2 teens suspected of killing 5 in arson, including a former Silverthorne resident, to be tried as adults | SummitDaily.com

2 teens suspected of killing 5 in arson, including a former Silverthorne resident, to be tried as adults

Judge: Trauma from Denver fire ‘defies comprehension’

Elise Schmelzer
The Denver Post
Djibril Diol poses for a photo before graduating from Colorado Mountain College in Summit County in 2015. He and his family were killed in an August 2020 house fire in Denver.
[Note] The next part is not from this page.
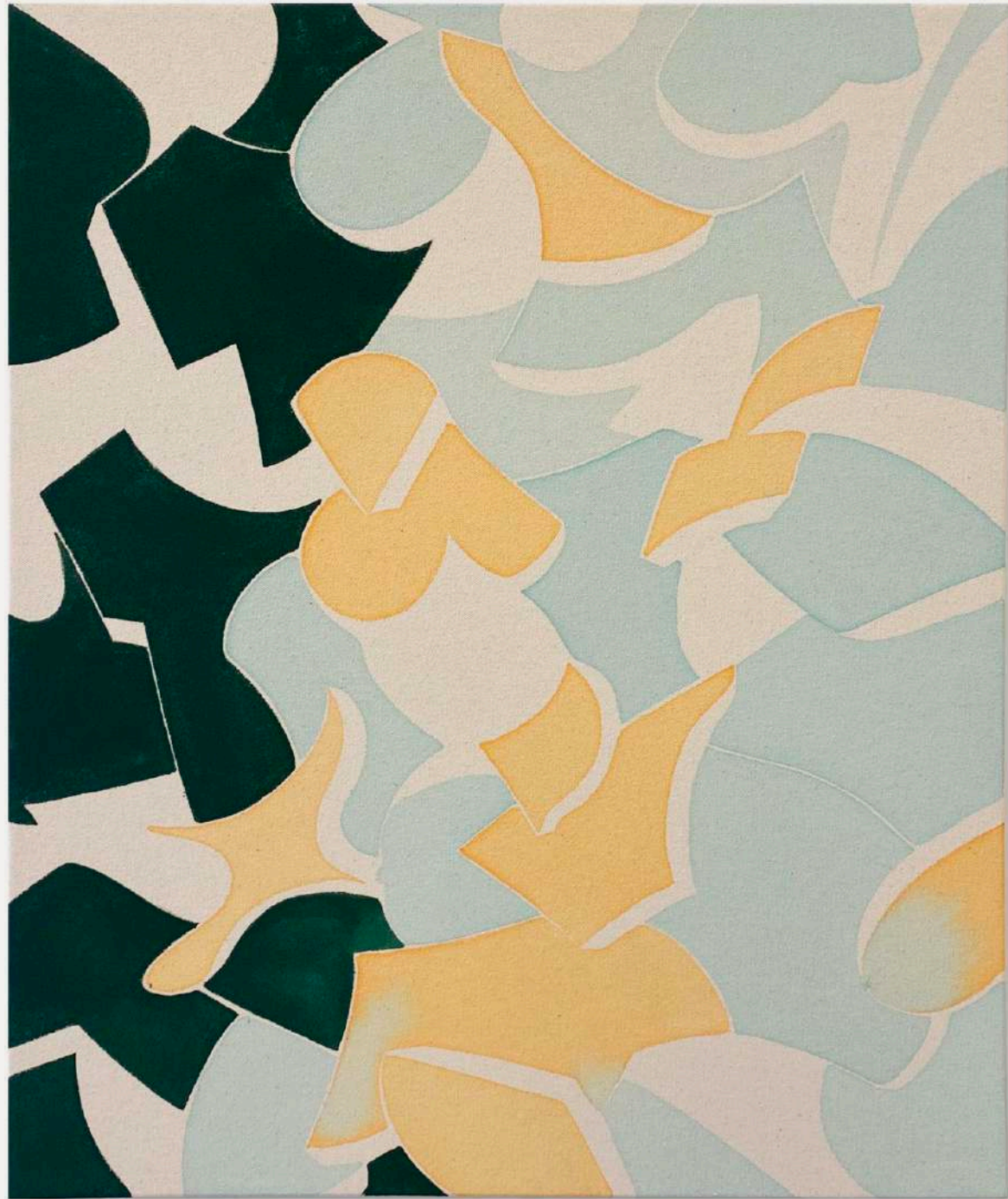
Shawn Kuruneru Little Wing, 2024 Acrylic on raw canvas 24 x 20 in (61 x 50.8 cm) $5,000

Police believe the fire was intentionally set.
Alli Langley/Summit Daily News archive

DENVER — Two of the three teenagers charged with murder for allegedly setting a Denver home on fire and killing a family of five inside will be tried as adults, a judge ruled this week, noting the trauma inflicted on the community by the 2020 fire “defies comprehension.”
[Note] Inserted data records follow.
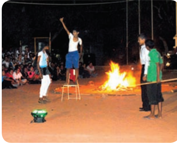
Figure 14.9 - Bonfire displays

On most occasions lighting the bonfire is done in the form of a display. They are called bonfire displays.
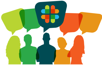
Friendly supportive staff
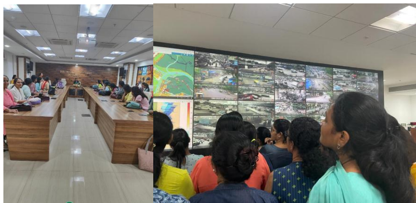
Pic 7: Visit to “Disaster Management Control Room” BMC HQ
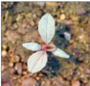
Tumble pigweed seedling.

Mostly erect and usually hairless, pale green to whitish stems with multiple branches create a bushy appearance. Stems, up to 4 feet tall, break off at the soil surface when mature and tumble with the wind.

The Aug. 5, 2020, fire killed former Silverthorne resident Djibril Diol. Diol graduated from Colorado Mountain College in Summit County in 2015 with an associate of science degree in physics. He immigrated to the U.S. from the West African country of Senegal in 2012.

Also killed in the fire were Diol’s wife, Adja; their 22-month-old daughter, Khadija; relative Hassan Diol; and her infant daughter, Hawa Baye, according to the Denver District Attorney’s Office.

The cases against Kevin Bui and Gavin Seymour, both 17, will continue in adult court despite efforts by their attorneys to argue the cases should instead be tried in juvenile court. The case against the third suspect, who was 15 at the time of the crime and has not been publicly identified, remains in juvenile court.

Denver District Court Judge Martin Egelhoff ruled Tuesday, Jan. 25, that Bui’s and Seymour’s actions were so egregious that they should be tried in adult court and face more severe punishment, despite the teens’ ages, lack of prior criminal record and good behavior in juvenile detention since their arrests.

“In a case such as this, where the result of the defendant’s conduct is the loss of not one but five human lives, the total destruction of the home of two families, and the devastation of multiple families and communities, both locally and abroad, the community has a legitimate and significant interest in the most severe and consequential punishment commensurate with the immeasurable harm occasioned by the defendants’ conduct,” Egelhoff wrote. “Indeed, in nearly 23 years as a judicial officer, this court has not witnessed a case of such gravity, consequence and loss as that presented herein.”

The three teens set the Green Valley Ranch home on fire because Bui erroneously thought a person who stole his phone lived there and he wanted revenge, law enforcement officers said during a November court hearing. The teens bought masks to wear to hide their faces and splashed gasoline inside of the home before lighting it on fire, law enforcement officials testified.